Work to be completed: Where the records below begin, start copying, and stop after the line that contains "生徒一人一人による決意発表で"; reproduce every line exactly but omit pictures.

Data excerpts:
━━━━━━━━━━

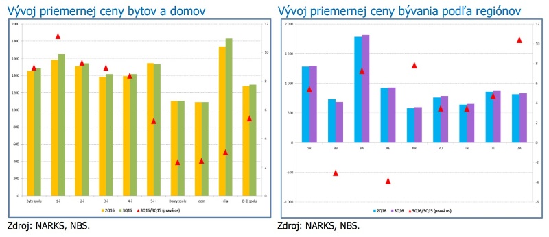 Pre 3. štvrťrok 2016 je charakteristický pretrvávajúci dynamický rast priemernej ceny bytov (medziročne o 9 % z 8,2 % v 2. štvrťroku) a spomalenie rastu priemernej ceny domov (o 2 % z 2,2 % v 2. štvrťroku). Medziročne najvýraznejšie vzrástla priemerná cena jednoizbových bytov (o vyše 11 %) a najpomalšie priemerná cena päťizbových bytov (o zhruba 5 %).
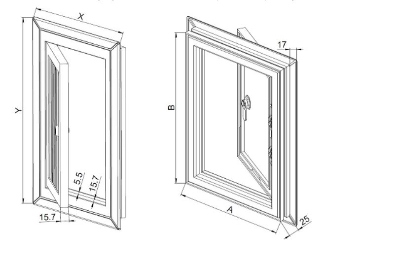 veľkostiach.Môžu byť tiež použité ako prielezy na strop.Revízne dvierka
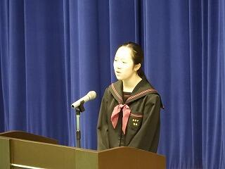 生徒一人一人による決意発表では、厳粛な雰囲気の中、全員が堂々と正面を向いて自分の決意を述べました。
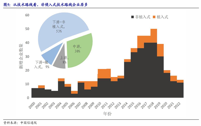 从技术路线看,非侵入式技术路线企业居多。根据中国信通院,截至2023年第一季度,全球脑机接口代表性企业超500家。其中,上游占8%,包括生产制造和销售电极、芯片、外设、相关核心器件的企业;中游占30%,包括生产制造和销售医用及科研用工具、分析软件和采集设备的企业;下游占62%,其中提供应用解决方案的侵入式技术路线企业占比9%,非侵入式技术路线企业占比53%。从技术路线看,非侵入式技术路线企业居多。全球500余家脑机接口相关企业中,20%从事侵入式技术研发,80%从事非侵入式技术研发。
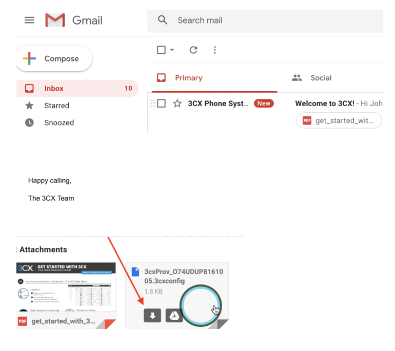 Log into your email and open the Welcome Email from your 3CX PBX Server. From the welcome email, you will be able to download the configuration file to set up the 3CX client, by opening the configuration file from the 3CX Softphone.
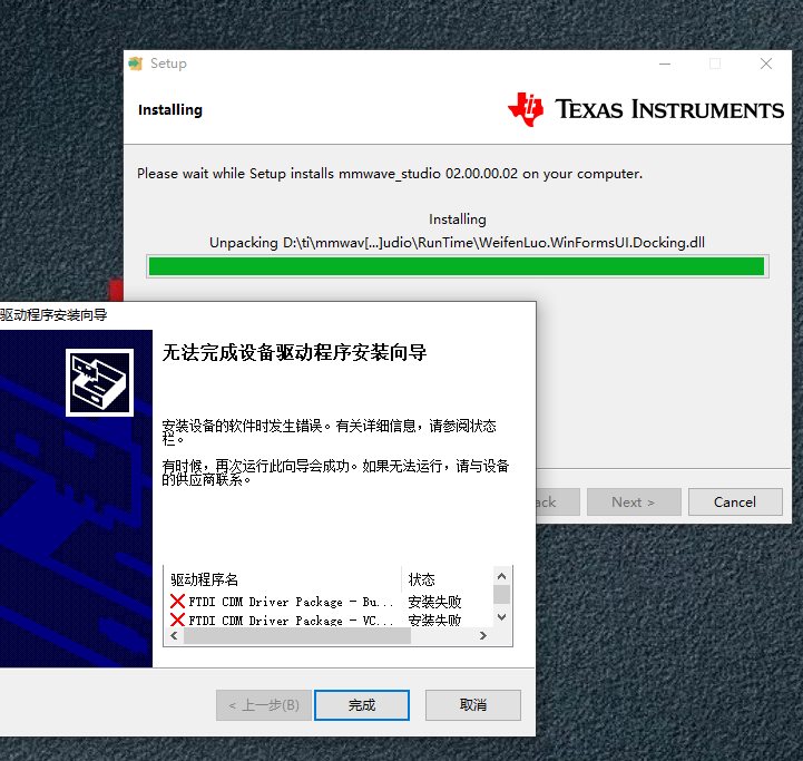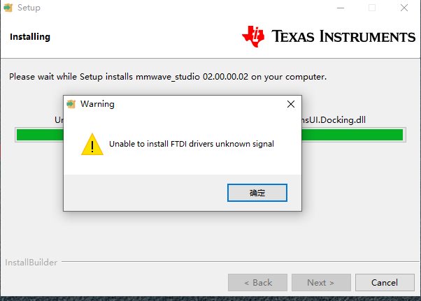 你好,在安装mmwavestudio-2.0.0.2的时安装FDTI驱动时提示安装失败,截图如下,这个需要怎么处理

━━━━━━━━━━

Answer space:
 Pre 3. štvrťrok 2016 je charakteristický pretrvávajúci dynamický rast priemernej ceny bytov (medziročne o 9 % z 8,2 % v 2. štvrťroku) a spomalenie rastu priemernej ceny domov (o 2 % z 2,2 % v 2. štvrťroku). Medziročne najvýraznejšie vzrástla priemerná cena jednoizbových bytov (o vyše 11 %) a najpomalšie priemerná cena päťizbových bytov (o zhruba 5 %).
 veľkostiach.Môžu byť tiež použité ako prielezy na strop.Revízne dvierka
 生徒一人一人による決意発表では、厳粛な雰囲気の中、全員が堂々と正面を向いて自分の決意を述べました。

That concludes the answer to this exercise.